When the storage engine is shutting down, all of the collections are deregistered from the CollectionCatalog before shutting down the underlying storage engine.
However, a recent change in the CollectionCatalog by SERVER-47885 made it so that the Collection object was no longer uniquely owned by the CollectionCatalog, but a shared object instead.
This becomes problematic during a clean shutdown for the OplogVisibilityThread. The OplogVisibilityThread is stopped when the RecordStore for the Collection is being destructed. But because the Collection wasn't destructed during shut down (the shared_ptr is being held by something else outside of the CollectionCatalog), the destructor never got to run and therefore the OplogVisibilityThread was not stopped. After deregistering all the Collections from the CollectionCatalog, the storage engine is shut down but it's still possible for the OplogVisibilityThread to run and try to query the storage engine for the durable timestamp. This causes a crash.

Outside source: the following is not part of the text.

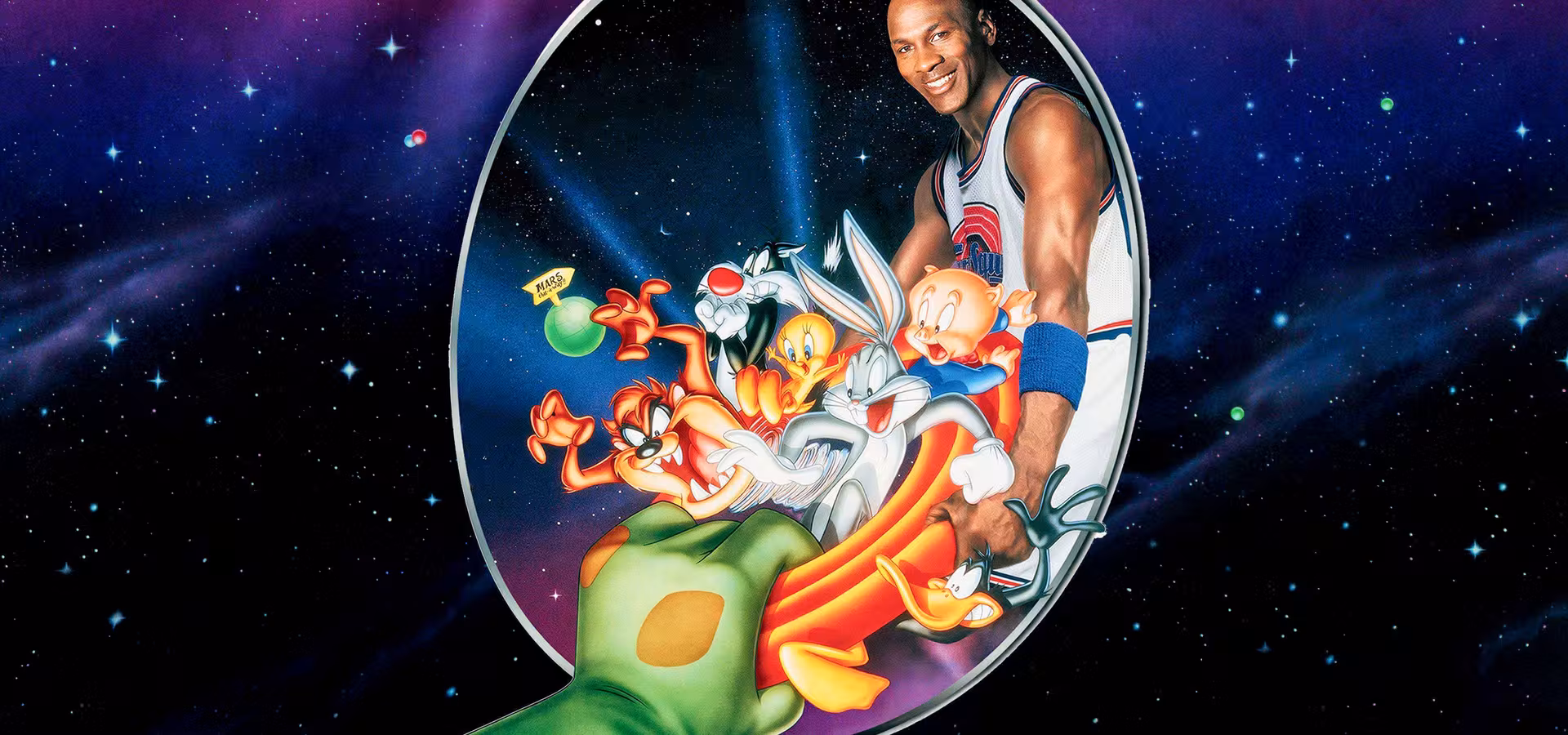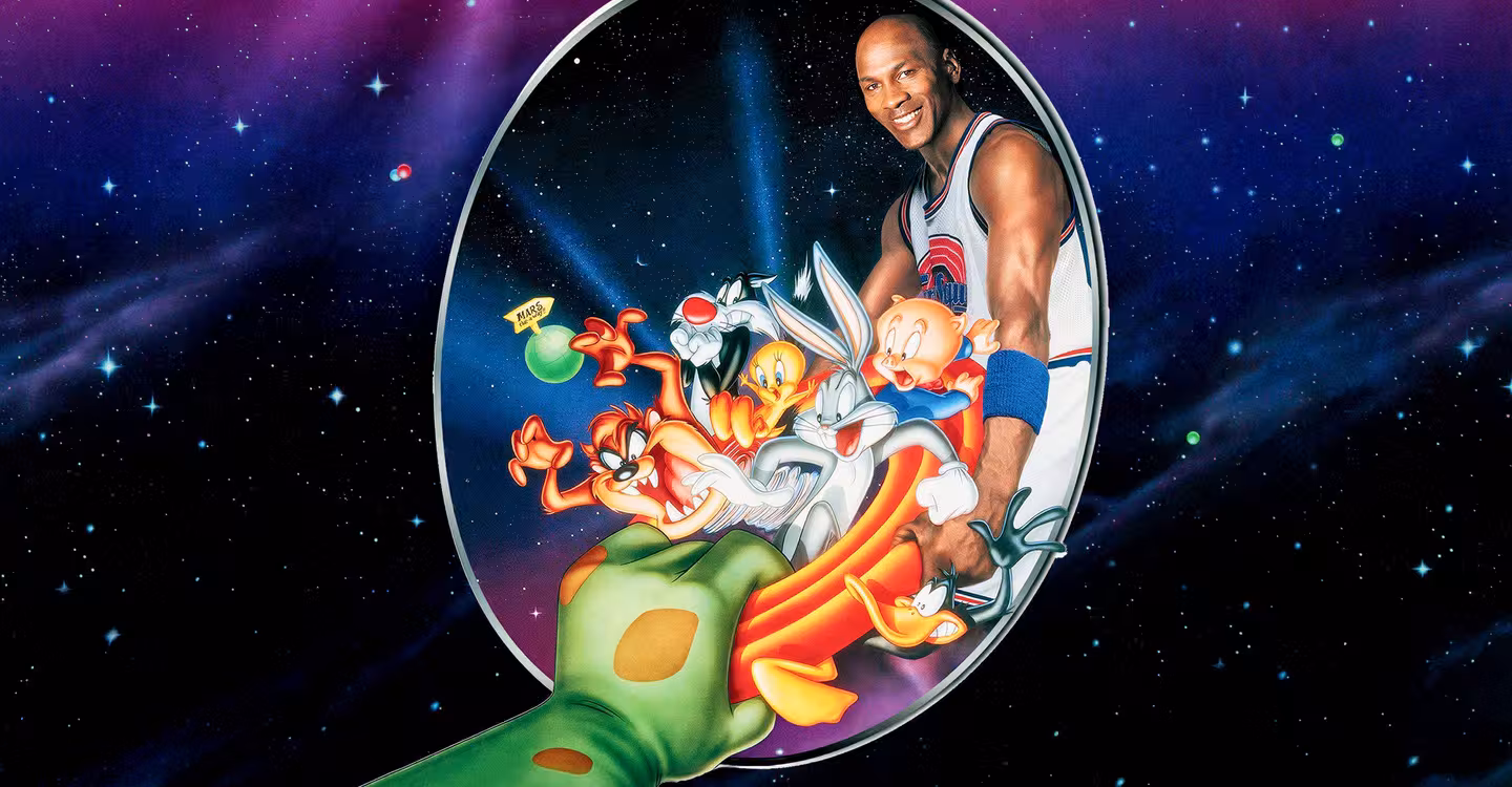 우주 깡패 집단인 너드럭스 괴물들이 잔인하고 호전적인 대장 스와크 해머의 명령으로 지구에 내려온다. 그들의 목적은 루니 튠즈를 유괴하여 모론 마운틴으로 옮겨 놓는 것이다. 스와크해머는 너드럭스 괴물들의 따분한 항성에 놀이동산을 만드려는 속셈을 갖고 있었던 것이다. 벅스 바니는 겉으론 왜소하기 짝이 없는 이들 외계인들과 농구 토너먼트 대결을 펼쳐야 한다. 루니 튠즈가 이기면 그들은 온전히 지구에 남게 되지만 만약 외계인이 이기면 벅스와 친구들은 스와크 해머의 손아귀에 들어가야 한다. 무슨 기술이든 순식간에 습득하는 너드럭스의 비밀 기술을 간파하지 못한 벅스는 왜소한 외계인들을 우습게 보고 농구시합을 제의한 것이다. 너드럭스는 찰스 버클리, 패트릭 유잉, 먹시 보거스, 레리 존슨과 숀 브레들리 같은 NBA 수퍼스타들의 농구 실력을 모두 빨아들인 후 강력하고 스피디한 몬스터 팀으로 돌변해 버린다. 뒤늦게야 적들의 실체를 알아 차린 벅스는 도움이 필요하다고 판단한다. 하지만 누굴 찾아 가야 한단말인가? 쟁쟁하던 농구 스타들이 자신들의 실력을 모두 뺏겨버린 마당에 말이다. 그런데 단 한명. 가장 '화려했던 농구스타 마이클 조던이 농구계를 떠나 야구 선수로 간신히 버티고 있지 않은가!

After digging around the code a bit more, I noticed that SERVER-49731 also changed the RecordStore from a unique_ptr to a shared_ptr in the Collection object. I'm wondering if this could lead to similar problems in a way. I'm predicting that this is okay as long as all of the Collections sharing the same RecordStore are destructed during a clean shut down before the storage engines stops.
This issue was discovered in a build failure. As seen, the OplogVisibilityThread attempted to access the storage engine for the all durable timestamp after it has shut down.
The reason that the storage engine is starting up again a bit later is because it's reconfiguring itself. But it will still shut down again! This probably extended the window just long enough for the OplogVisbilityThread to run and cause a crash.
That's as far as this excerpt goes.